Premièrement, le contrôle de Voo va dorénavant échapper aux actionnaires publics. Sur les 9 administrateurs de la nouvelle société, il y en aura 3 qui seront nommés par Nethys, 1 indépendant et les 5 autres seront nommés par Providence. « Le centre du pouvoir dans cette société sera dorénavant aux mains du fonds d'investissement Providence, explique Damien Robert. Par exemple, concernant les décisions stratégiques et budgétaires, les administrateurs de Nethys n'auront qu'un "droit de regard" et c'est l'intérêt du profit qui va primer encore plus qu'aujourd'hui sur l'intérêt des gens. »
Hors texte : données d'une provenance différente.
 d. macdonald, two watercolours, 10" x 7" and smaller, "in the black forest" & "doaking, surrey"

Concernant certains aspects, comme la décision ou non d'opérer des licenciements collectifs, les droits de Nethys, comme dans la version précédente, existent. Mais ils ne sont pas absolus. « Il y a bien une clause qui garantit à Nethys un pouvoir de "co-décision" quant aux licenciements collectifs, mais il n'y a pas d'interdiction de licencier, poursuit l’administrateur PTB. En effet, le licenciement collectif est permis si l'objectif visé par la réduction de personnel ne peut être atteinte autrement et que le licenciement collectif devient le dernier recours. »
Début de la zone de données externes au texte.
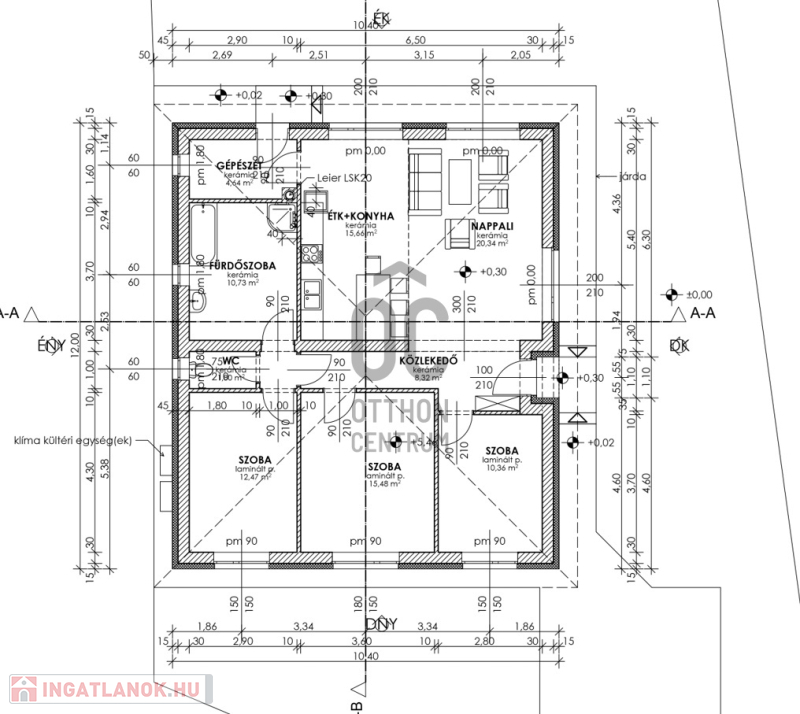 A 426 m²-es telken épülő, 99,80 m² alapterületű ingatlan amerikai konyhás nappalival és 4 szobával tervezett. A válaszfalak még nem kerültek kialakításra, így az új tulajdonos szabadon formálhatja a belső elrendezést. A tető modern antracit betoncserép fedéssel már elkészült.

De plus, il n'y a aucune garantie d'investissement. Les objectifs clairs qui sont fixés le sont en matière de retour sur investissements. « En effet, le management de la société pourra obtenir des dividendes supplémentaires sur une partie des actions si l'entreprise dépasse un taux de retour sur investissements de 10 %, dénonce Damien Robert. Ce montant pourra encore être augmenté moyennant certaines conditions. La société et les travailleurs vont donc devoir subir le rythme de la recherche permanente de profit. »
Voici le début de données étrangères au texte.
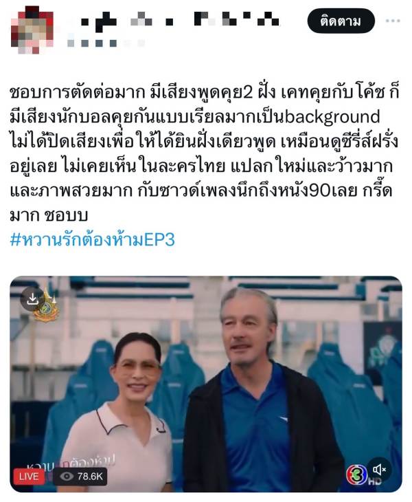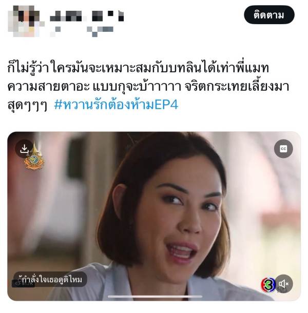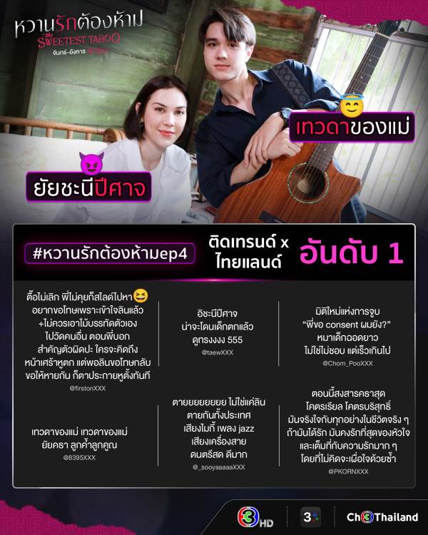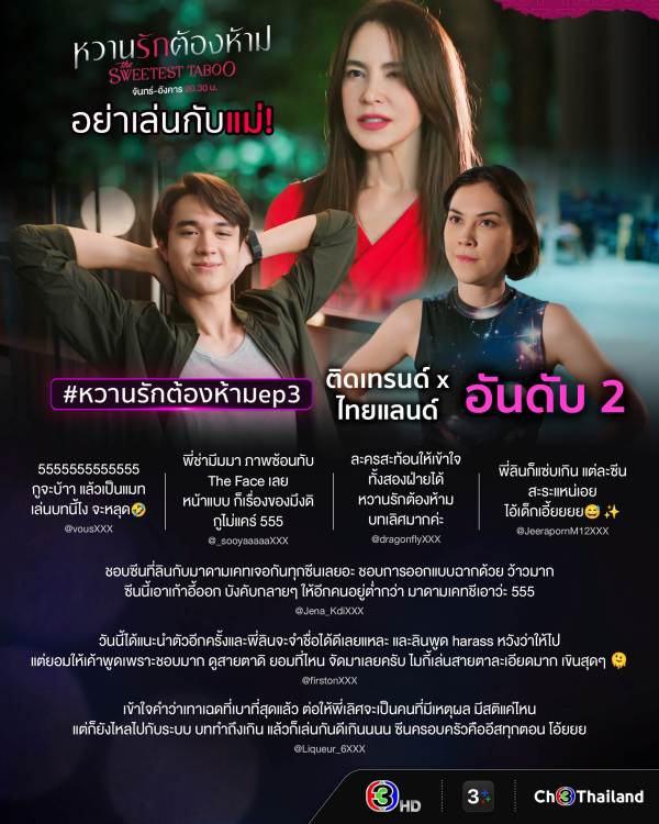 จี๊ดจ๊าดสมเป็นละครตัวแม่ ตัวมัมสุด ๆ สำหรับละครเรื่อง “หวานรักต้องห้าม” ทางช่อง 3 ถือว่าสมการรอคอยการคัมแบคละครในรอบ 5 ปีของ แมท ภีรนีย์ ร่วมกับพระเอกหน้าหวาน ไมกี้ ปณิธาน และตัวแม่ มาช่า วัฒนพานิช ที่เปิดศึกสาดอารมณ์ถึงใจถูกใจชาวเน็ตจนทำแฮชแท็ก #หวานรักต้องห้ามEP3 ติดเทรนด์ X ไทยแลนด์อันดับ 2 ทำคนดูอารมณ์ค้างไม่จบง่าย ๆ ตามไปปั่นแฮชแท็ก #หวานรักต้องห้ามEP4 พุ่งติดเทรนด์ X ไทยแลนด์อันดับ 1 กันเลยทีเดียว

Il reste aussi beaucoup d'incertitudes sur le prix. Le prix provisoire est certes un peu plus élevé que celui négocié par Stéphane Moreau, mais on est loin d'obtenir d'énormes différences. Par exemple, dans un scénario d'une vente sans Brutele, la valeur de l'entreprise provisoire négociée à l'époque était de 820 millions d’euros. Aujourd'hui, en envisageant le scénario d'une vente sans Brutele, la valeur d'entreprise plancher est fixée à 835 millions d’euros. D'autres éléments doivent encore déterminer le prix final, comme l'endettement ou le montant du prêt qui sera nécessaire pour effectuer l'opération. « Il n'y a pas de garantie que le montant reçu au final dans les caisses de Nethys soit drastiquement plus élevé que le scénario envisagé par Stéphane Moreau », constate Damien Robert.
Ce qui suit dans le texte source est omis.